Deformable manipulation with X1D
X1D includes the model, runtime, data, and evaluation interfaces required to begin developing deformable-object manipulation capabilities.
This does not mean that current X1D checkpoints can reliably fold garments. A deformable-manipulation checkpoint, suitable training data, and real-hardware validation are still required.
What is available
Dual-arm runtime contract
Xolver provides an experimental 14-dimensional ALOHA-style dual-arm contract defining:
- Left and right arm joint actions
- Two normalized gripper actions
- Multi-step trajectory chunks
- Robot proprioception
- One workspace camera
- Left and right wrist cameras
- Execution timing
- Inter-arm collision requirements
- Joint, velocity, acceleration, and workspace limits
- Mandatory human-supervised operation
The included limits are conservative placeholders. They must be replaced with hardware-specific values and validated before physical actuation.
Committed-action training
Asynchronous execution means a robot may already be performing part of an approved action chunk while X1D generates the next one.
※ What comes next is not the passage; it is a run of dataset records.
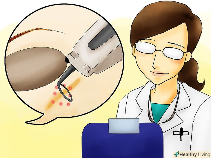 Дізнайтеся у дерматолога про лазерне шліфування шкіри та пункційну ексцизію з подальшою трансплантацією. ці процедури ефективні в разі глибоких шрамів, що виникли в результаті акне або хірургічного втручання. Зверніть увагу, що дані процедури повинні проводитися тільки кваліфікованим дерматологом. [6]- Суть процедури лазерної шліфовки полягає у видаленні епідермісу за допомогою високоенергетичного лазерного променя.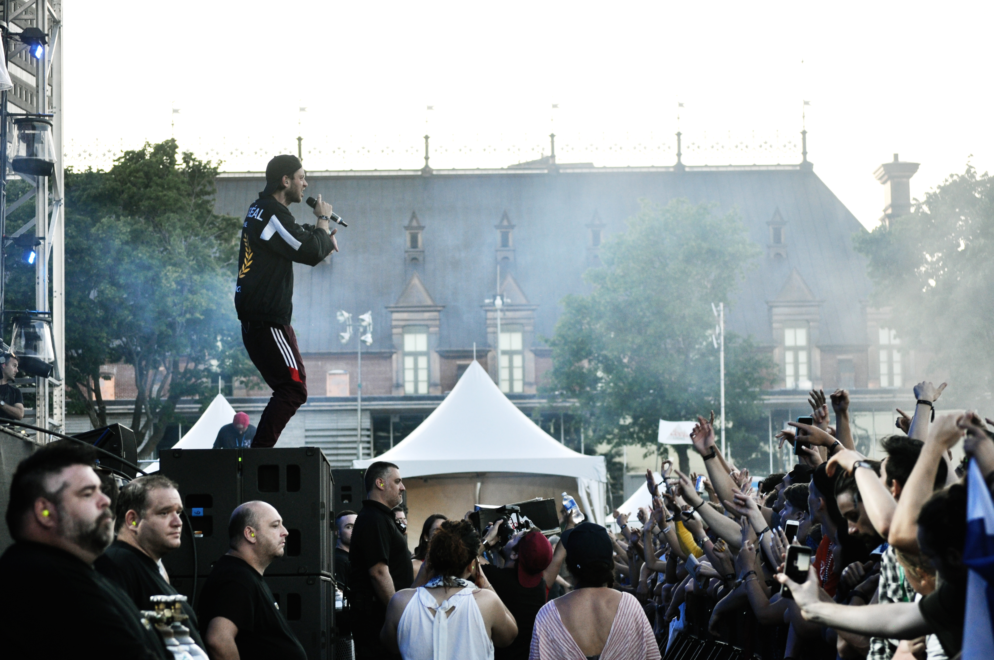 On passe au rap du côté des Plaines, puisque Loud et son DJ Ajust ont fait grimper la chaleur et l’excitation effarante du public en quelques minutes. Des vigiles sur la défensive, des malaises en veux-tu en voilà dans les premiers rangs comprimés contre la barrière de sécurité… et du mosh-pit dans la fosse. Voilà un peu l’ambiance dans laquelle le rappeur québécois débarque avec “So Far, So Good”. Sourires aux lèvres, Loud arpente inlassablement la grande scène Bell allant chercher son public qui scande chaque mot avec lui. Il s’accordera même une petite immersion dans le pit pour aller saluer ses fans. Définitivement un concert record pour Une année record.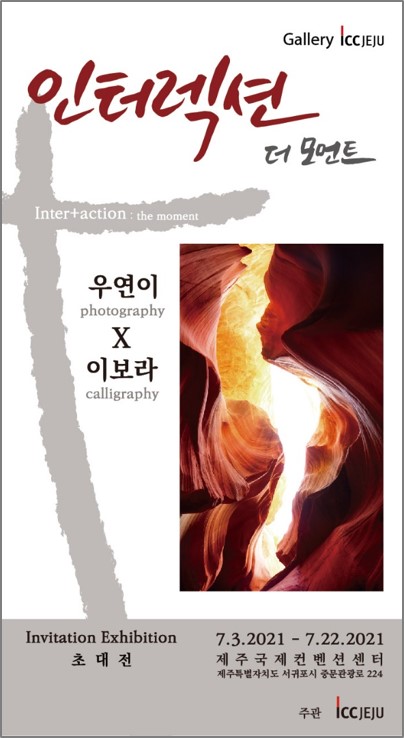 이번 전시명은 <인터렉션 더 모먼트>이며, 상호작용, 소통과 상호영향이라는 뜻을 가진 인터렉션(interaction) 단어처럼 이번 전시는 사진과 캘리그라피의 콜라보레이션으로 두 작가에게 내재되어 있는 것들을 끌어내어 서로에게 영향을 주고, 삶이 지치고 힘든 이들에게 삶을 움직일 수 있는 양방향 소통의 메시지를 담아내는 위로의 전시이다.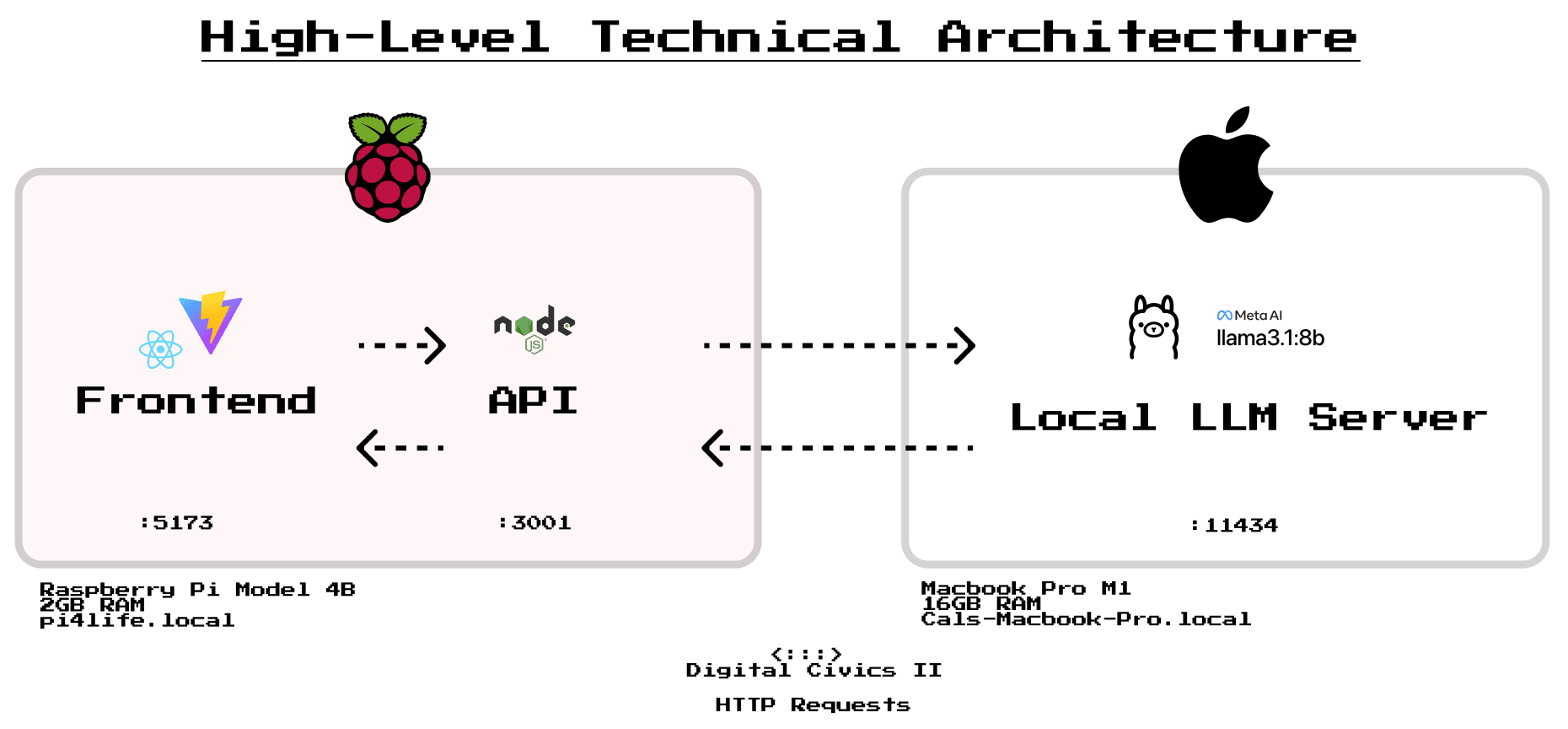 Running the LLM on the Raspberry Pi itself was quickly ruled out — the 2GB RAM severely limited options to poorly performing models. Instead, I proposed a hybrid-local architecture: the Pi hosts the web application and API, while Llama 3.1 8B runs on my MacBook Pro M1 (16GB RAM) via Ollama on the same local Wi-Fi network.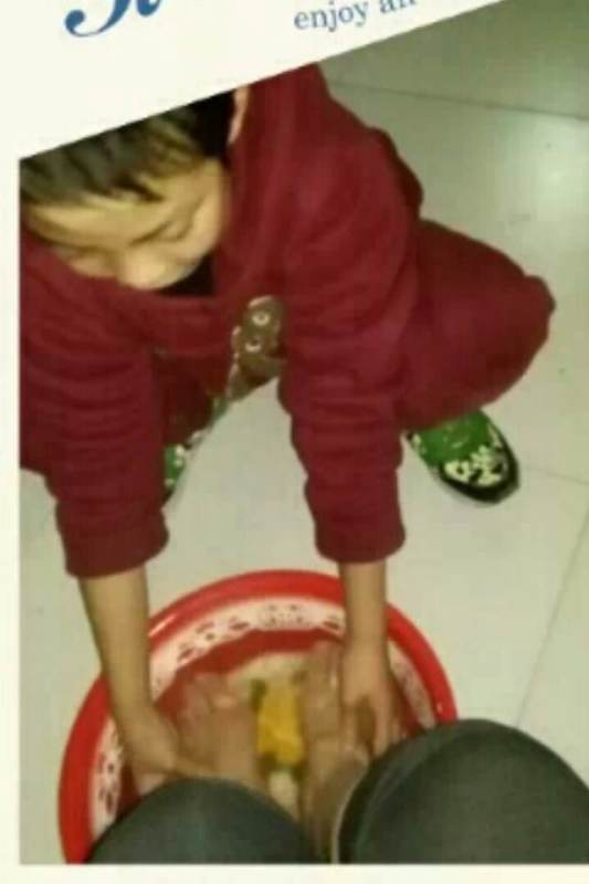 放学后,妈妈说:"今天妈妈一定会把你的脚洗的干干净净的。"我说:"不!今天老师布置的作业是给家长洗脚"。回到家后,我就开始做准备工作。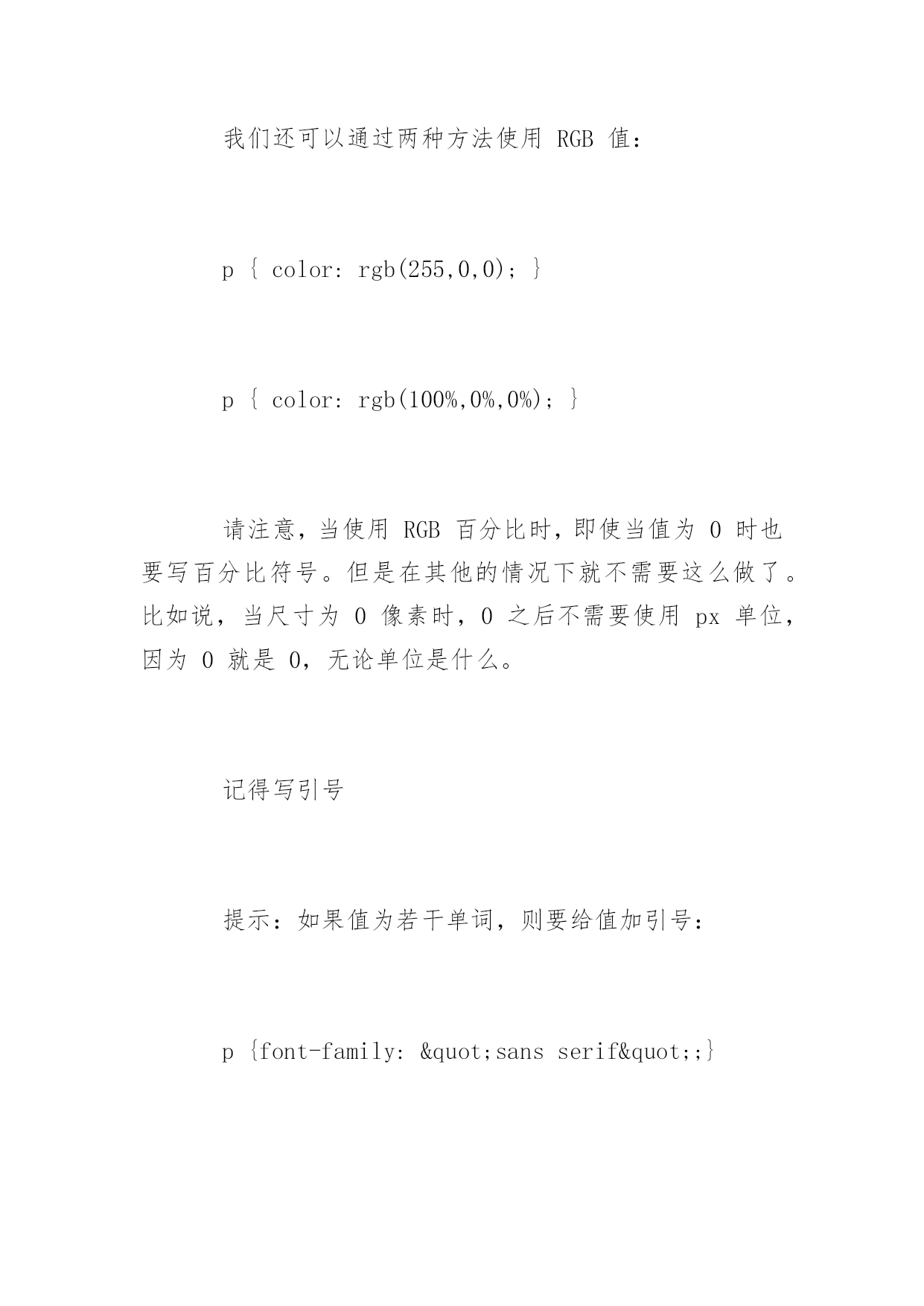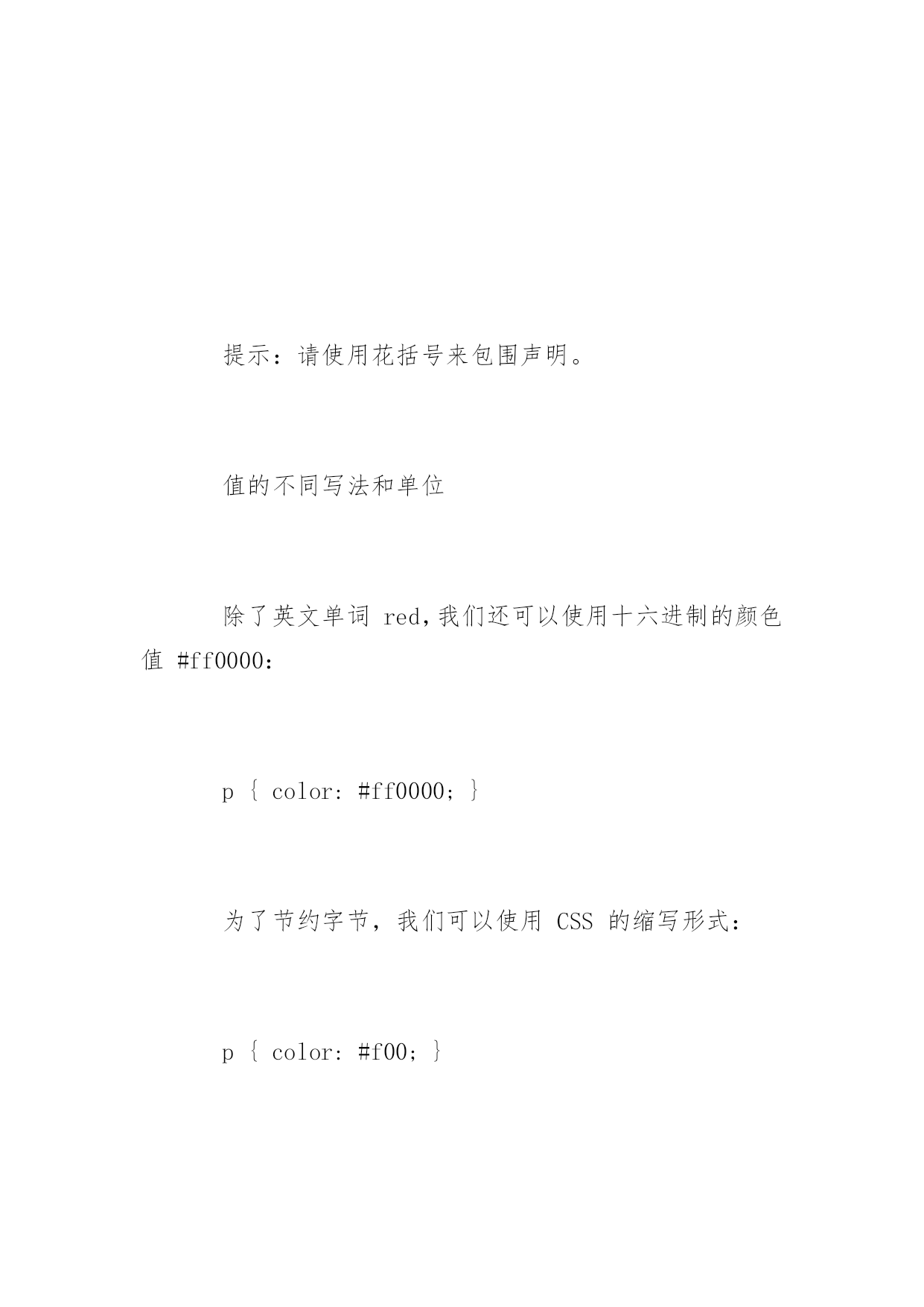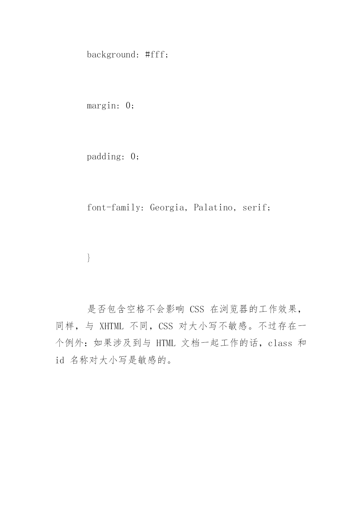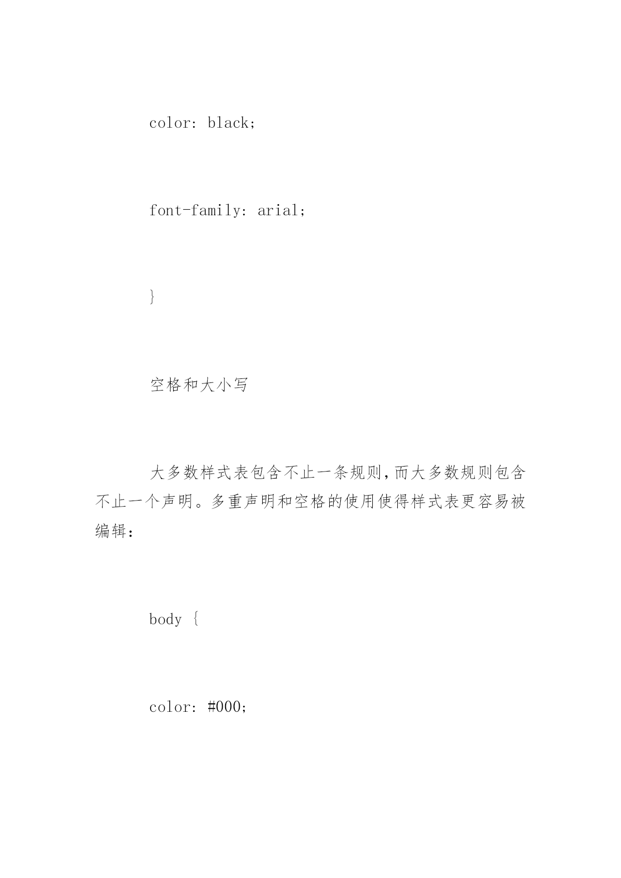 CSS基础语法CSS基础语法大全CSS为HTML标记语言提供了一种样式描述,定义了其中元素的显示方式。CSS在Web设计领域是一个突破。利用它可以实现修改一个小的样式更新与之相关的所有页面元素。关于css语法你知道有哪些?下面yjbys小编为大家分享css基础语法,希望对大家学习有参考作用!CSS语法CSS规则由两个主要的部分构成:选择器,以及一条或多条声明。selector{declaration1;declaration2;...declarationN}选择器通常是您需要改变样式的HTML元素。每条声明由一个属性和一个值组成。属性(property)是您希望设置的样式属性(styleattribute)。每个属性有一个值。属性和值被冒号分开。selector{property:value}下面这行代码的作用是将h1元素内的文字颜色定义为红色,同时将字体大小设置为14像素。在这个例子中,h1是选择器,color和font-size是属性,red和14px是值。h1{color:red;font-size:14px;}下面的示意图为您展示了上面这段代码的结构:提示:请使用花括号来包围声明。值的不同写法和单位除了英文单词red,我们还可以使用十六进制的颜色值#ff0000:p{color:#ff0000;}为了节约字节,我们可以使用CSS的缩写形式:p{color:#f00;}我们还可以通过两种方法使用RGB值:p{color:rgb(255,0,0);}p{color:rgb(100%,0%,0%);}请注意,当使用RGB百分比时,即使当值为0时也要写百分比符号。但是在其他的情况下就不需要这么做了。比如说,当尺寸为0像素时,0之后不需要使用px单位,因为0就是0,无论单位是什么。记得写引号提示:如果值为若干单词,则要给值加引号:p{font-family:"sansserif";}多重声明:提示:如果要定义不止一个声明,则需要用分号将每个声明分开。下面的`例子展示出如何定义一个红色文字的居中段落。最后一条规则是不需要加分号的,因为分号在英语中是一个分隔符号,不是结束符号。然而,大多数有经验的设计师会在每条声明的末尾都加上分号,这么做的好处是,当你从现有的规则中增减声明时,会尽可能地减少出错的可能性。就像这样:p{text-align:center;color:red;}你应该在每行只描述一个属性,这样可以增强样式定义的可读性,就像这样:p{text-align:center;color:black;font-family:arial;}空格和大小写大多数样式表包含不止一条规则,而大多数规则包含不止一个声明。多重声明和空格的使用使得样式表更容易被编辑:body{color:#000;background:#fff;margin:0;padding:0;font-family:Georgia,Palatino,serif;}是否包含空格不会影响CSS在浏览器的工作效果,同样,与XHTML不同,CSS对大小写不敏感。不过存在一个例外:如果涉及到与HTML文档一起工作的话,class和id名称对大小写是敏感的。

Committed-action training allows a batch to identify those movements using:
extra_modalities["committed_action_mask"]Expected shape:
[batch, action_horizon]Committed actions remain unchanged and are provided as conditioning context. The training loss is applied only to the uncommitted future portion of the action chunk.
Enable it with:
enable_committed_action_training: trueThe feature is disabled by default.
Corrective demonstrations
Xolver provides a structured record for human teaching interventions. A corrective demonstration includes:
- Episode and task identifiers
- Operator identity
- Intervention interval
- Observation references
- Original policy actions
- Human expert actions
- Reason for intervention
- Deployment evidence
- Training approval state
- Reviewer identity
Corrective demonstrations are separate from Safety Shield interventions.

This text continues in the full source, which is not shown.